## EXCERPTED DATA
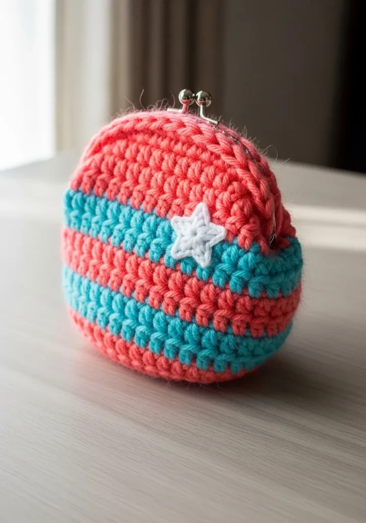 This petite circular pouch features vibrant horizontal stripes in coral pink and electric turquoise. The yarn has a slightly fuzzy and halo-like texture that makes it feel extra soft to the touch. A tiny white star appliqué is nestled on the side, adding a magical and celestial flair to the design. It is finished with a sturdy silver metal kiss-lock clasp that gives the whole accessory a charming vintage feel while keeping all your treasures secure.
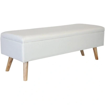 General description This stylish upholstered bench with a soft linen cover is a true highlight for your home. Whether used as a hallway bench, a sofa bench in the living room, or a bed bench in the bedroom, it enhances any space. The padded, foldable seat ensures comfort while concealing generous storage for laundry, blankets, or toys. Supported by four sturdy eucalyptus wood legs, this trunk bench combines stylish aesthetics with functional benefits. Technical specifications Overall dimensions H x W x D: approx. 40 x 110 x 40 cm Internal dimensions H x W x D: approx. 15 x 105 x 36 cm Ground clearance: approx. 19 cm Max. load capacity: 120 kg Weight: approx. 14.3 kg Material: MDF, eucalyptus wood, polyester Other information Various colours available Felt glides to protect the floor Delivery includes: 1x bench in parts, with assembly instructions and materials; decorative items are not included
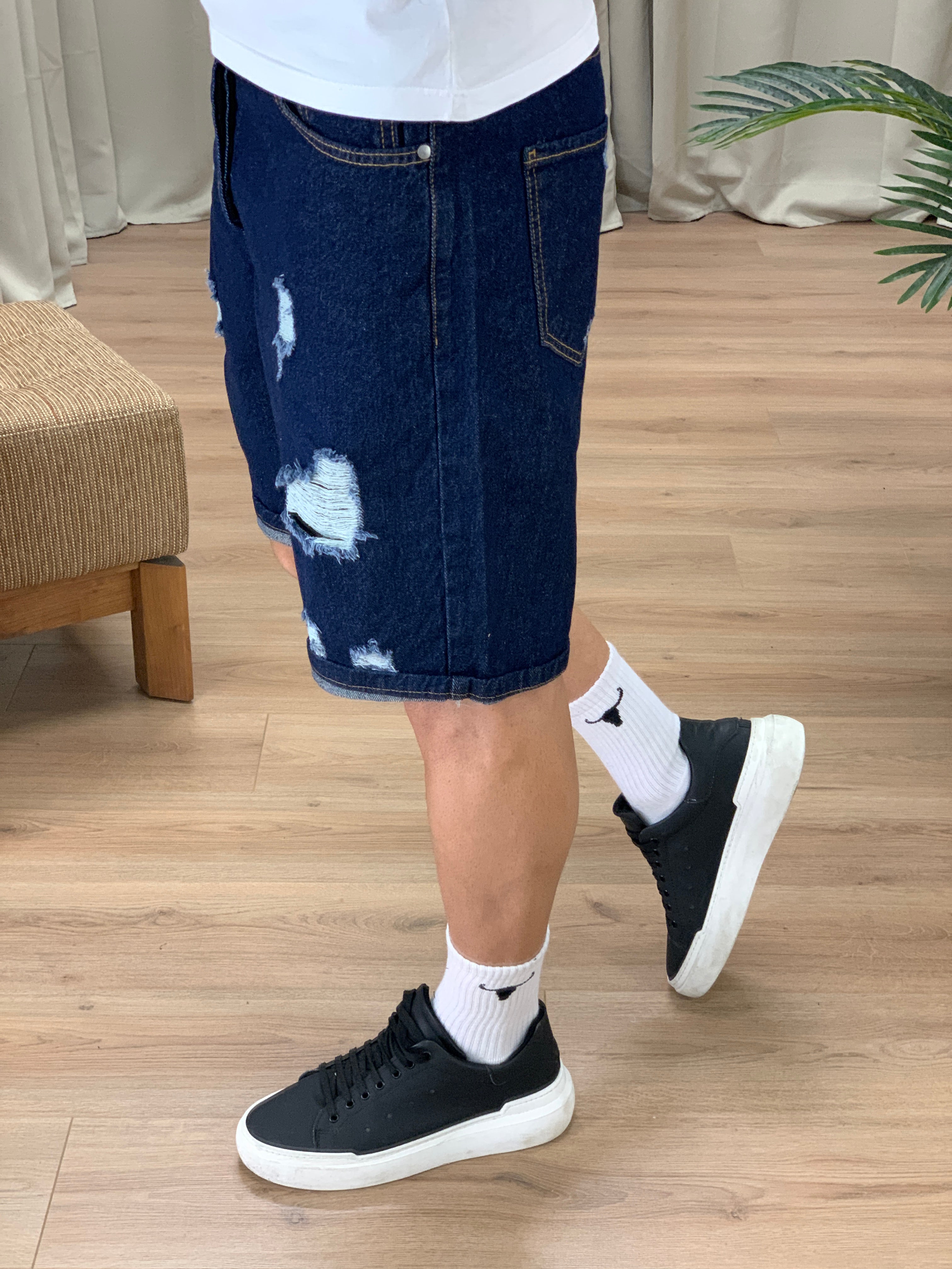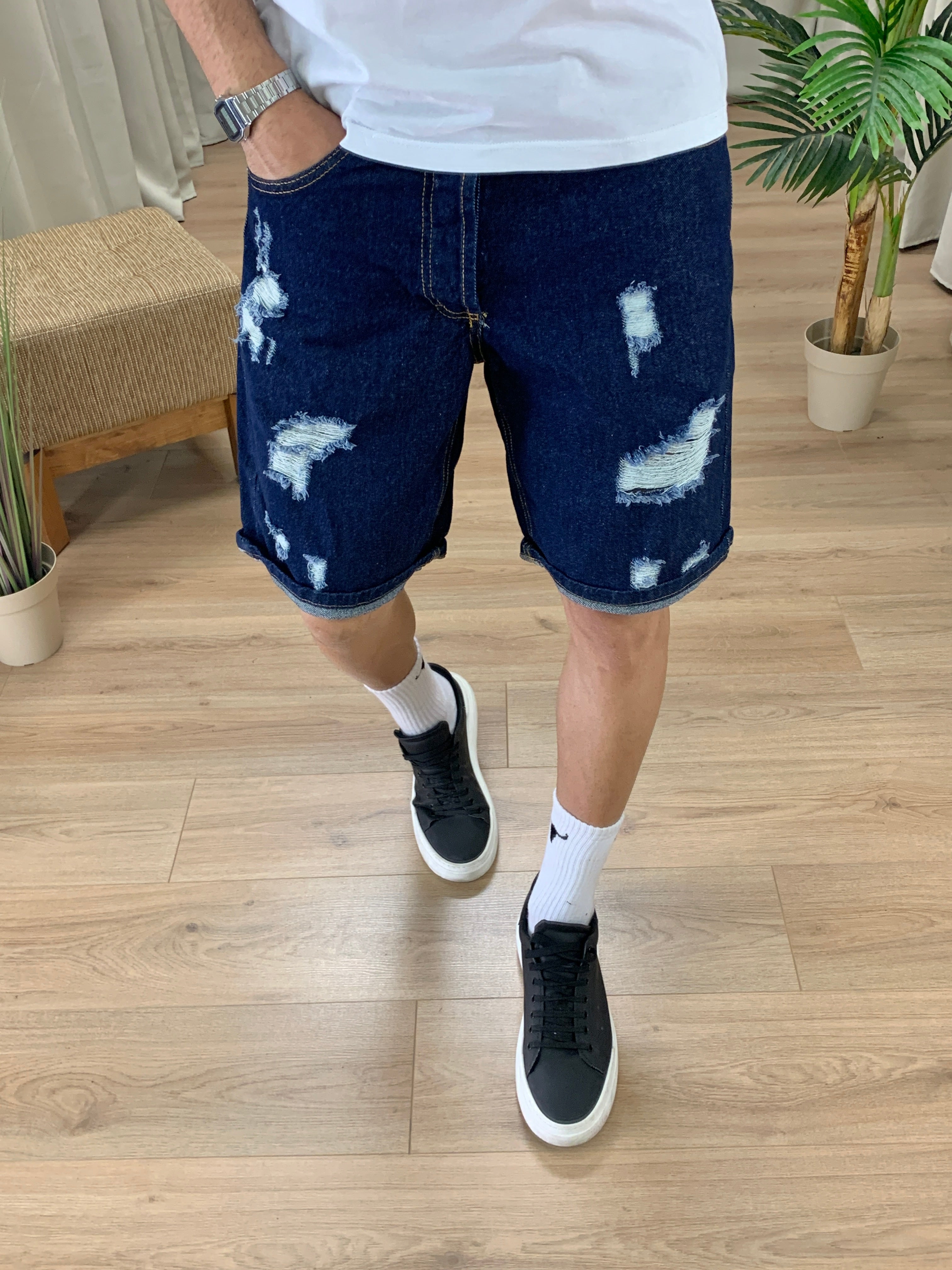 Bermuda in Jeans con Rotture Overfit col. Denim
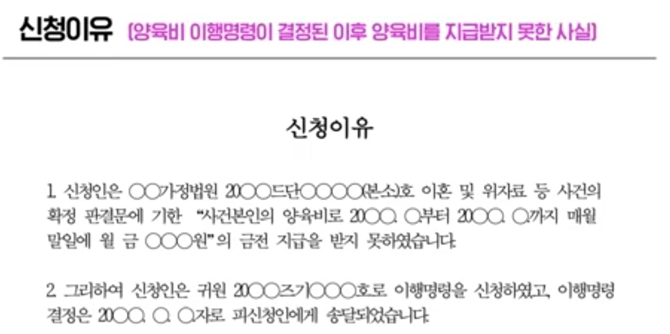 신청이유에는 양육비 이행명령이 결정된 이후에 양육비를 지급받지 못한 사실을 기재하면 된다고 합니다.
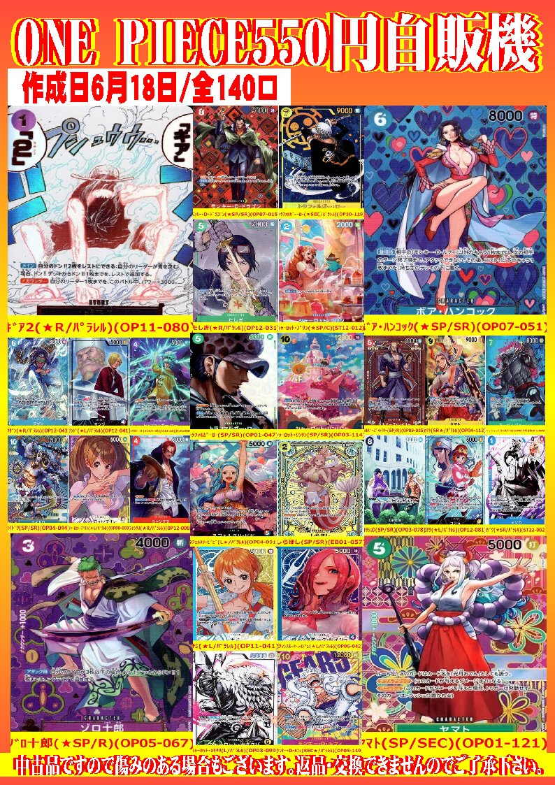 シーガル郡山店です。 ワンピ550円自販機追加致しました‼️ ぜひ、よろしくお願いします。
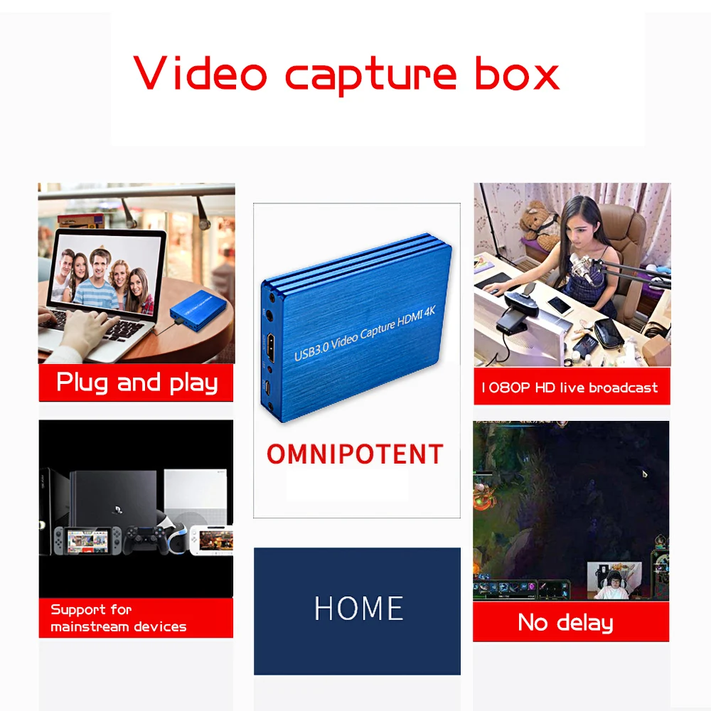 Comprar Tarjeta de captura de vídeo Dongle 4K 1080P 60fps HDMI a USB 3,0 HD grabador de vídeo para OBS, captura de juegos, transmisión en vivo
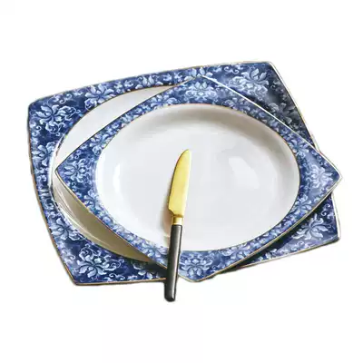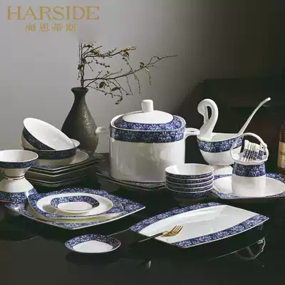 HARSIDE Jingdezhen bone china dishes set home neoclassical Chinese cutlery set blue and white bowl plate combination

## ASSIGNED TASK
Once the line holding "Comprar Tarjeta de" is found, copy it and each later line exactly through the end of the data, leaving out the pictures.

## REPLY TO THE TASK
 Comprar Tarjeta de captura de vídeo Dongle 4K 1080P 60fps HDMI a USB 3,0 HD grabador de vídeo para OBS, captura de juegos, transmisión en vivo
 HARSIDE Jingdezhen bone china dishes set home neoclassical Chinese cutlery set blue and white bowl plate combination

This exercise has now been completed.